Игра есть игра, дело серьезное, дело чести; и нет в игре никакого
равенства: ты или выдаешься, или подчиняешься. Следует признать, я не
выдавался; я не был ни самым сильным, ни самым смелым в стае и, кажется,
страдал от этого. Какой мне прок оттого, что местный полицейский моему отцу
козырял, а маляру - нет! Когда отец надевал длинный черный сюртук и шел в
городской совет, я, ухватившись за его толстый палец, старался шагать так же
широко, как он; эй, мальчишки, видите, какой у меня важный папа! В праздник
вознесения он даже держит один шест балдахина над священником; а когда у
него именины, то накануне вечером приходят местные музыканты и играют в его
честь! И папа стоит на пороге, без фартука, и с достоинством принимает дань
уважения. А я, опьяненный мучительной сладостью гордыни, высматриваю моих
сверстников, которые благоговейно слушают музыку, и, чувствуя легкий озноб,
наслаждаюсь этой вершиной мирской славы и трогаю папу, чтоб все видели, что
я - его. А на другой день мальчишки и знать не хотят о моем триумфе; опять я
- тот, кто ничем не выделяется и кого никто не желает слушать - разве только
я позову их качаться к нам во двор. А вот нарочно не позову, лучше сам не
стану качаться; и я, с горя, назло, решил выделяться хотя бы в школе.
x x x
Школа - опять-таки совершенно особый мир. Там детей различают уже не по
отцам, а по фамилиям; их определяет уже не то, что один - сын стекольщика, а
другой - сапожника, а то, что один - Адамец, а другой - Беран. Это было
такое потрясение для сынишки столяра, что он долго привыкал к этому
новшеству. До сих пор он принадлежал семье, мастерской, дому, мальчишечьей
компании; а теперь сидит вот, страшно одинокий, среди сорока других
учеников, большинство которых ему не знакомо, с которыми не было у него
никакого общего мира. Сидел бы с ним рядом папа или мама, пусть даже
подмастерье Франц или долговязый, грустный пан Мартинек - тогда бы другое
дело; можно бы держаться за его полу и не терять связи со своим миром;
ощущать его за собой, как защиту. Мальчик готов был разреветься, но
побоялся, что другие посмеются над ним. И никогда он так и не слился с
классом. Другие мальчики вскоре передружились, стали толкать друг друга под
партами, но им-то было легко: не было у них дома ни столярной мастерской, ни
ограды из щепок, внутри усыпанной опилками, ни силача Франца, ни пана
Мартинека; им не по чему было так горестно тосковать. Сын столяра сидел в
суете класса, потерянный, и горло у него сжималось. Подошел к нему учитель,
сказал ободряюще:
- Ты послушный и тихий мальчик.
Мальчик залился краской, и на глаза его навернулись слезы еще
неизведанного счастья. С той поры и стал он в школе послушным и тихим
мальчиком - что, разумеется, еще больше отдалило его от остальных.

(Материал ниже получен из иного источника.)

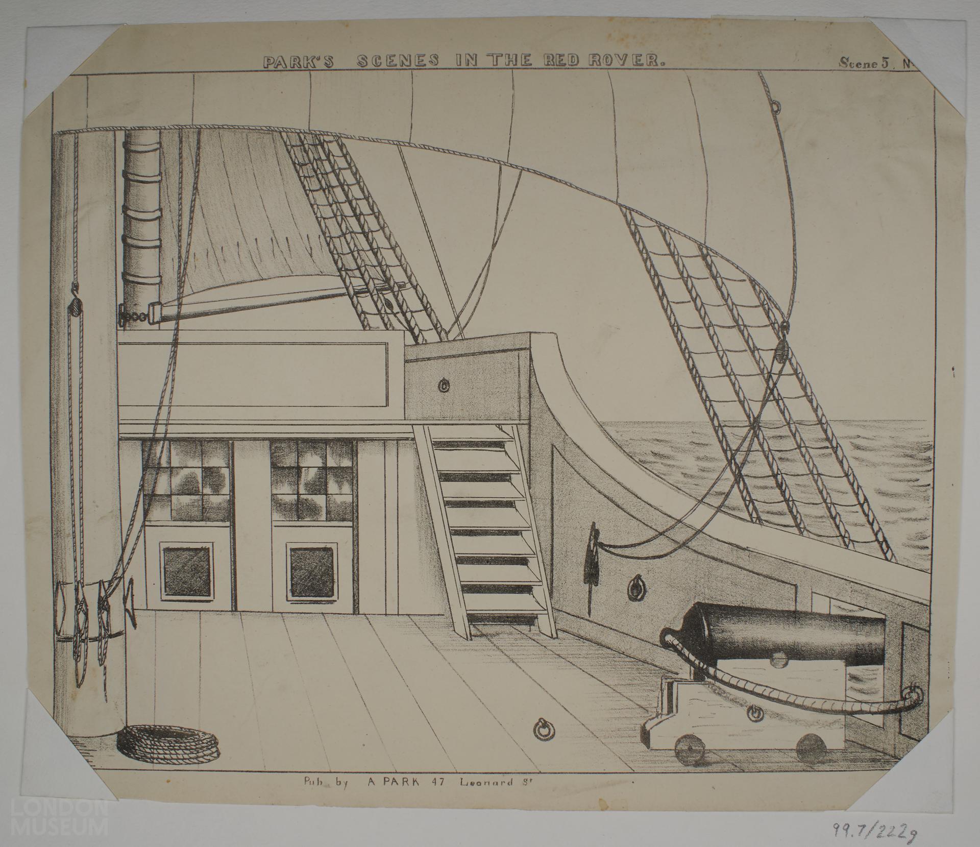 Large toy theatre scenery sheet relating to the play 'Red Rover. Scene 5, No. 7. Published by Archibald Alexander Park, 47 Leonard Street, London EC2.

Но школа дает ребенку еще и другой, большой и новый опыт: здесь ребенок
впервые сталкивается с иерархическим устройством жизни. Правда, и до сего
времени ему приходилось повиноваться некоторым людям; вот мама велит что-то
сделать - но мама-то ведь наша, и она существует для того, чтобы варить нам
еду, и еще она целует и ласкает; папа бушует порой - зато в другой раз можно
взобраться к нему на колени или уцепиться за его толстый палец. Другие
взрослые тоже иногда одергивают тебя или ругают, но это пустяки, и можно
просто убежать. А вот учитель - совсем другое дело; учитель для того только
и создан, чтоб делать замечания и приказывать. И нельзя убежать, спрятаться
- только краснеешь и от стыда готов провалиться сквозь землю. И уж никак
невозможно вскарабкаться к нему на колени или уцепиться за чисто вымытую
руку; он - всегда над тобой, недоступный и неприкосновенный. А законоучитель
- еще того пуще. Погладит он тебя по голове - и значит это не просто тебя
погладили, а отличили и возвысили над прочими, и ты с трудом сдерживаешь
слезы благодарности и гордости. До школы был у мальчика свой мир, а вокруг
него - множество замкнутых, таинственных миров: пекаря, каменотеса и всех
других. Теперь же мир разделился надвое: мир высших - там учитель,
законоучитель и еще те, кому позволено разговаривать с ними, то есть
аптекарь, доктор, нотариус, судья; и - мир обычных людей, где - папы и их
дети. Папы живут в мастерских и лавках и только выходят постоять па пороге,
словно обречены держаться своих домов; а люди из мира высших встречаются на
площади, широким жестом снимают друг перед другом шляпы, они могут постоять,
беседуя, или пройтись немного вместе. И их стол в трактире на площади накрыт
белой скатертью, тогда как скатерти на других столах - в красную или синюю
клеточку; их стол чем-то похож на алтарь. Теперь-то я понимаю, что и белая
эта скатерть была вовсе не так уж свежа, и священник наш был толстый,
добродушный и страдал насморком, и учитель был этакий деревенский бобыль с
красным носом. Но в ту пору они воплощали для меня нечто высшее и чуть ли не
сверхчеловеческое. То было первое разделение мира по рангам и власти.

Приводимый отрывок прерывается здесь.